= TR Emeritus =

Singaporean socio-political blog

TR Emeritus (TRE, formerly Temasek Review Emeritus) is a Singaporean socio-political blog and alternative media outlet. It has been recognised by various established outlets to be critical of the Government of Singapore and sympathetic towards the political opposition.

==Changes of name==
It was founded in 2004 as Wayang Party, and renamed Temasek Review in 2009, using an old name for Singapore. In late 2010, it was involved in a dispute with government-linked corporation Temasek Holdings over its name. Temasek Holdings argued that Temasek Review had been used as the name of the company's annual report since 2004 and that the Javanese word Temasek was "indisputably associated with Temasek [Holdings]" and that the website "was just trying to capitalise on the goodwill and reputation" linked to it. The website was renamed Temasek Review Emeritus on 25 May 2011. After a period offline, it was relaunched as TR Emeritus in December of that year. The shortened name was chosen to avoid trademark complications with Temasek Holdings.

==Closure and relaunch in 2011==
Facing restrictions in both income and contributors, and unable to upgrade hardware to cope with increasing demand, the site's editor Amanda Tan announced on 7 April 2011 that it would close in July. She acknowledged the existence of pressure from the Government, but said that its effects were minimal and there had been no direct official request to close. Ang Peng Hwa, professor of journalism at Nanyang Technological University, described the closure as "definitely a loss for the blogsphere and also for critical discourse in Singapore".

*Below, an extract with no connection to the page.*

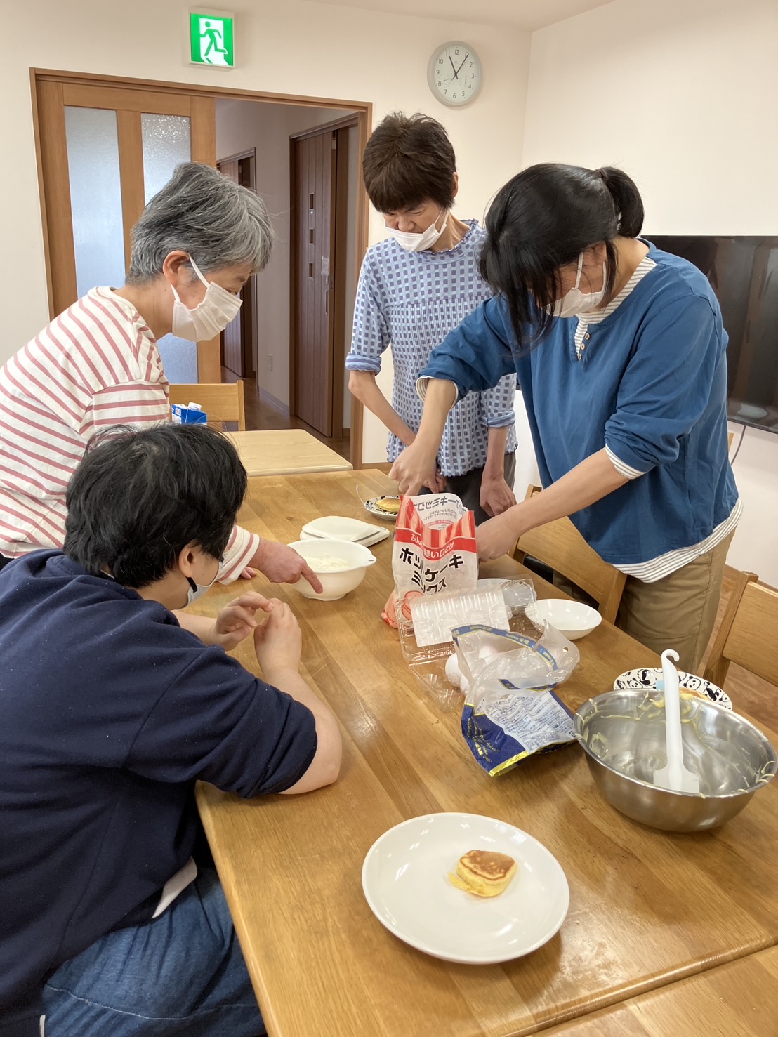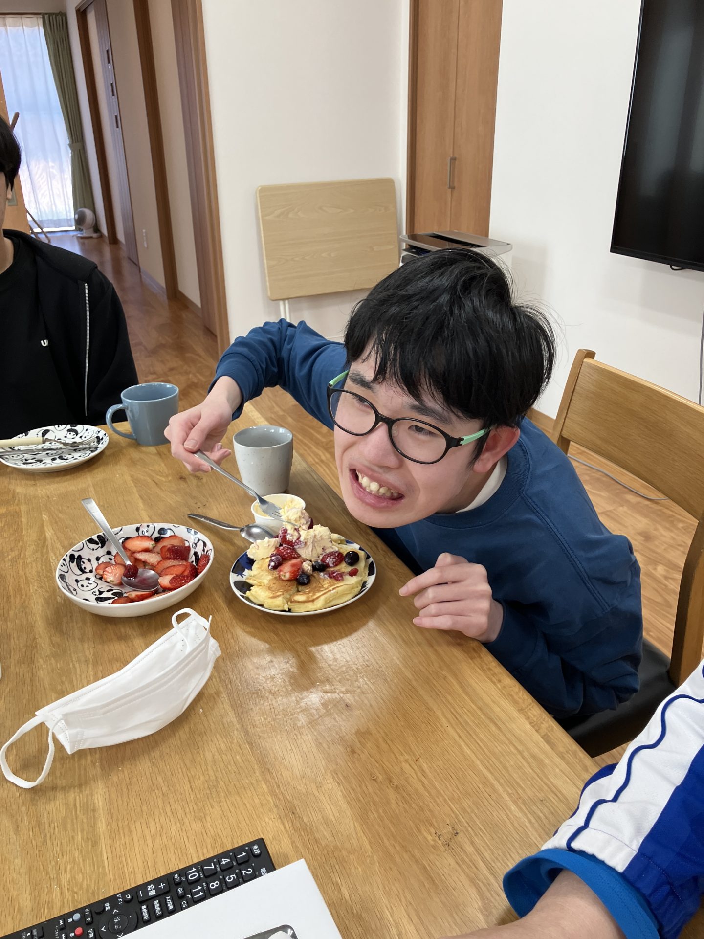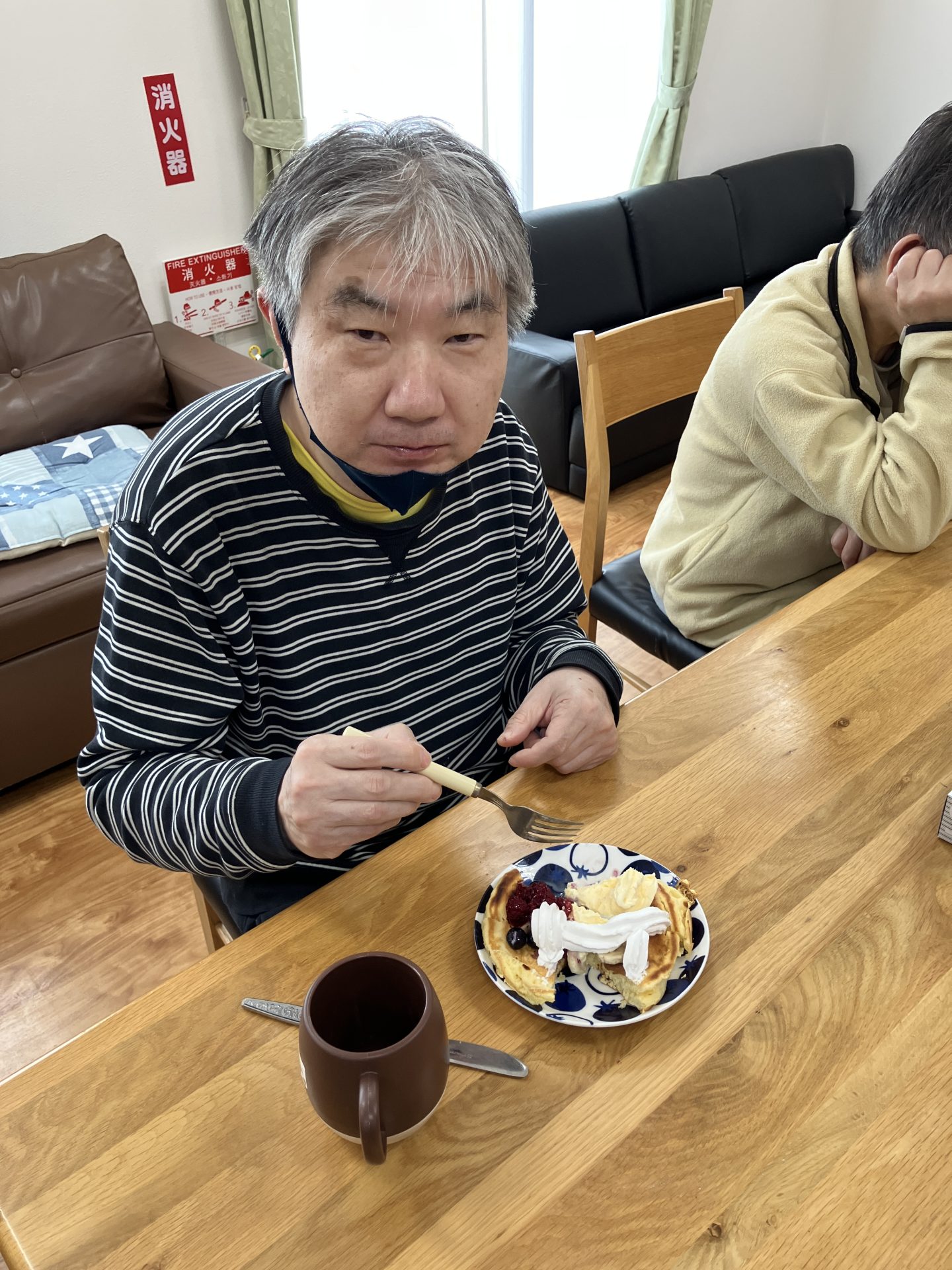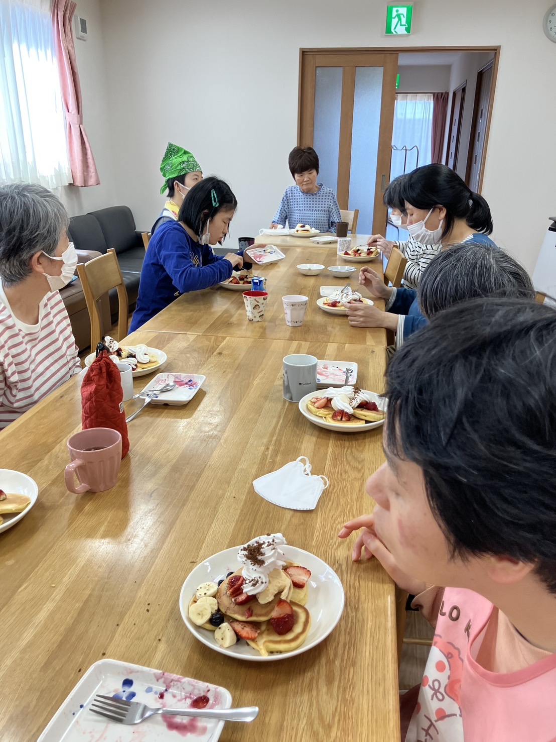 2026.04.16 GH/長江 みんなで楽しくパンケーキ作り 楽しくパンケーキを作りました。 生地を混ぜたり焼いたりと、それぞれが出来る事に取り組みながら、楽しそうな様子が見られました。 いちごやクリームをのせて、オリジナルのパンケーキ作り! それぞれ個性が出ていて素敵でした。 みんなで協力しながら、楽しく調理することが出来ました。 お昼ごはんは、すき焼き弁当をいただきました。 今後も笑顔あふれる活動を取り入れていきたいと思います。

In late April 2011, Temasek Review complained that it had been hit with a distributed denial of service (DDOS) attack during the height of the 2011 general elections campaign coverage. Another online site, The Online Citizen, made a similar announcement. Temasek Review was recorded by Experian Hitwise as receiving a significant proportion of internet traffic from search engines during the campaign.

In August 2011, Tan announced that the website had gained additional financial support and that the team behind it intended to keep it running for at least five years. She also pledged "to improve and try to balance the articles on our site to cater to readers from all camps," aiming to be "by Singaporeans for Singaporeans".

Temasek Review Emeritus was taken offline without explanation on 5 September 2011.
It returned as TR Emeritus on 18 December 2011 with a new banner describing the site as TR Emeritus: The Voice of Singaporeans for Singapore.